The Tuning Process of Reflective Apertures

A reflective aperture is a front surface concave, or dome shaped mirror in which an aperture effect is created (same thing as in a camera, a “hole” for light passage), along with a reflective effect occuring when a return image of the LED chip is in perfect focus back on the LED chip. The perfect focus occurs at R=1 with R being mirror radius. Since parabolas produce focal points further than R=1, they do not capture as much light. Also, radius is not constant in a parabola, so only part of the mirror can be in focus if this shape were used.

Our eyes are not good enough to see an image in perfect focus on an LED die surface to use the die itself as the only method for alignment/focus. At R=0.9 focus, or R=1.1 focus, you wouldn’t be able to notice that the image was slightly out of focus, since a die is so small, it will look identical and still like a clear square, but not all light will be collimated onto the die. Tilt of the mirror is a problem, even a couple degrees. Centering of the mirror is extremely important, as is mirror distance from the die.
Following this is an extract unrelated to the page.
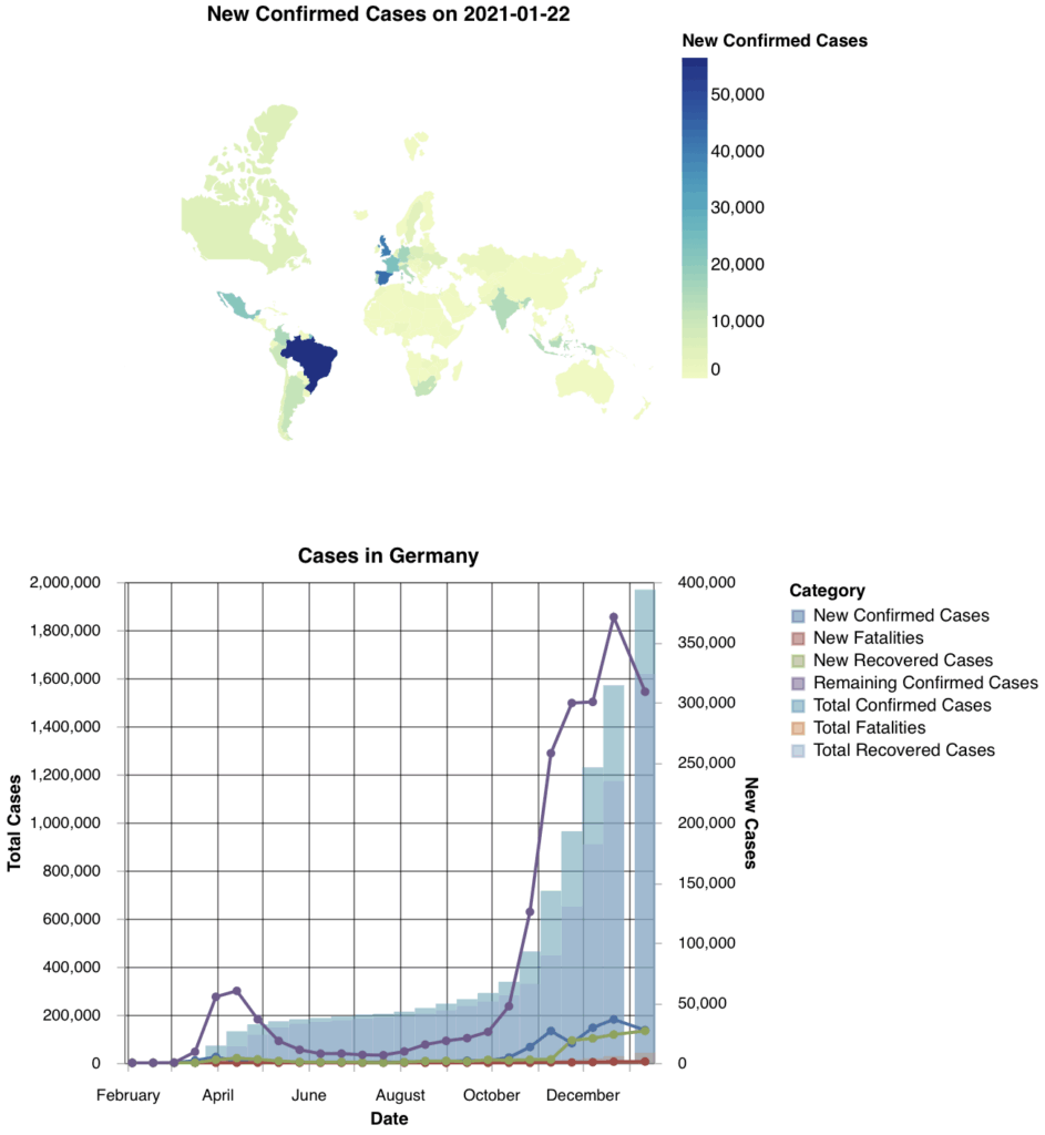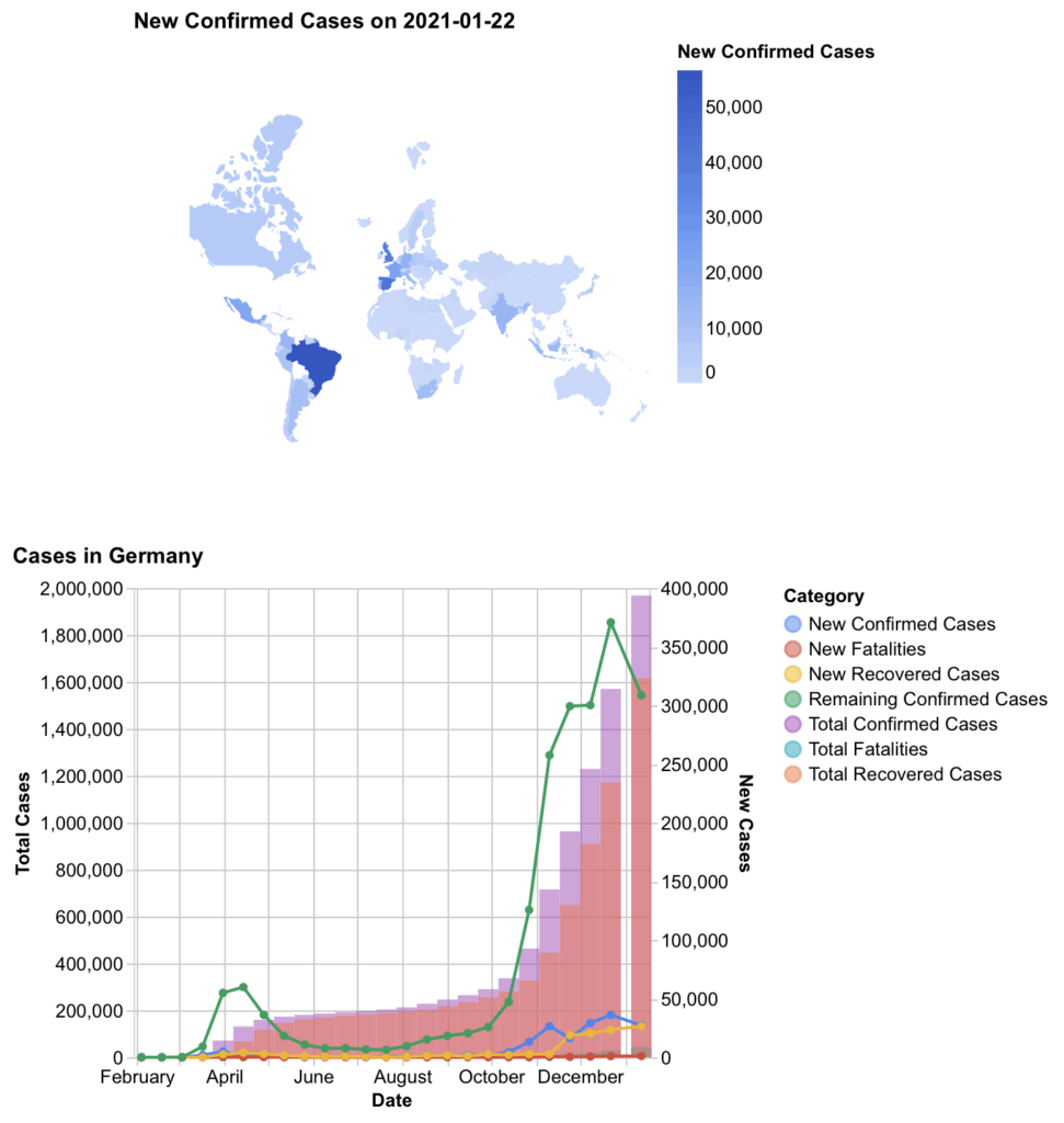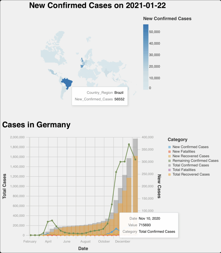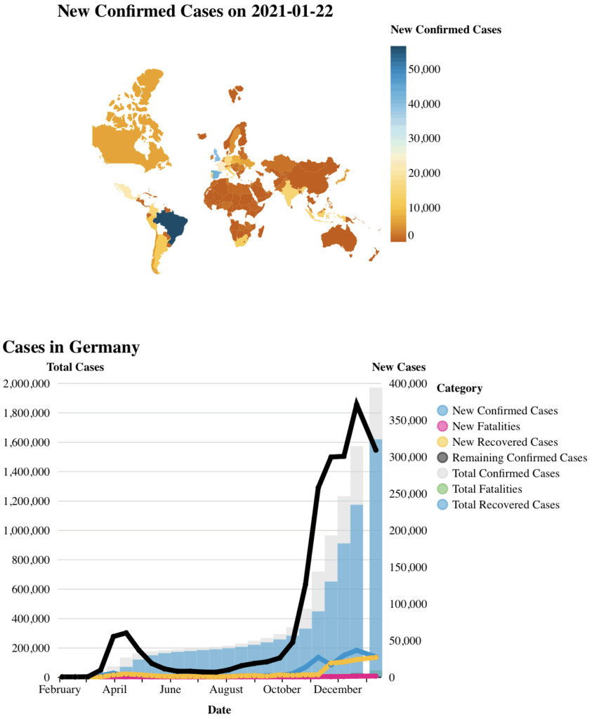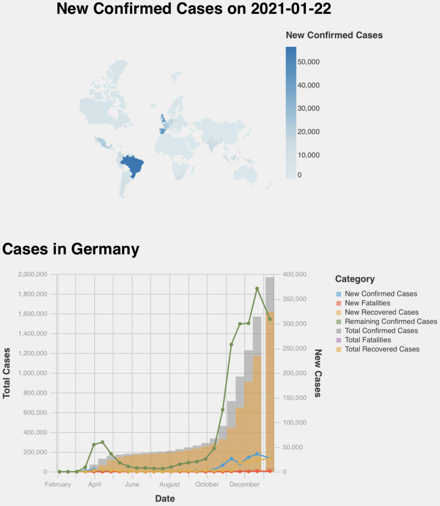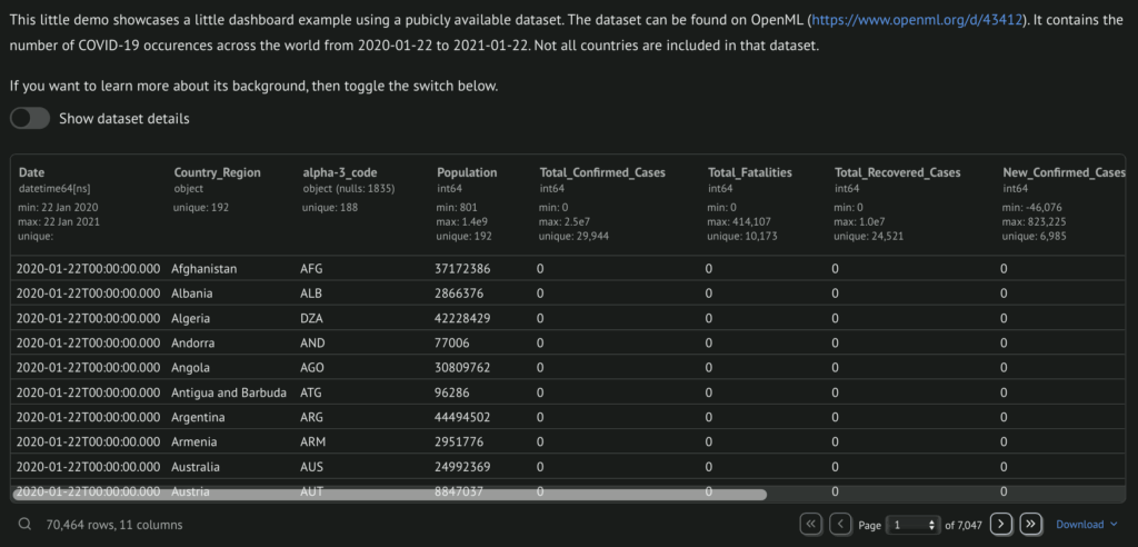 In der COVID-19 Web-App werden publizierte COVID-19-Daten von OpenML geladen und visualisiert. Die Anwendung enthält einen rudimentären Dateninspektor, ein paar Kontrollelemente zum Filtern und eine interaktive Weltkarte mit gemeldeten Fällen, Fatalitäten und anderen Zahlen.

Two methods exist for checking focus and centering of the reflective aperture. Once you have devised a method to mount and center the mirror, method one would be to check lux at the center of the output circle. The output spot is uncollimated, so wash is fairly smooth and even looking to your eye, but try to be sure things are lined up so the meter lands in the same place in the output spot on each test. You do not want other optics involved at this point, since it is another variable. Since the light output spreads rapidly from the aperture, lux would be checked using a highly repeatable setup (so that the test measure distance remains a constant), at a range of 1/4 to a 1/2 meter, before intensity grows too weak for accurate measurement.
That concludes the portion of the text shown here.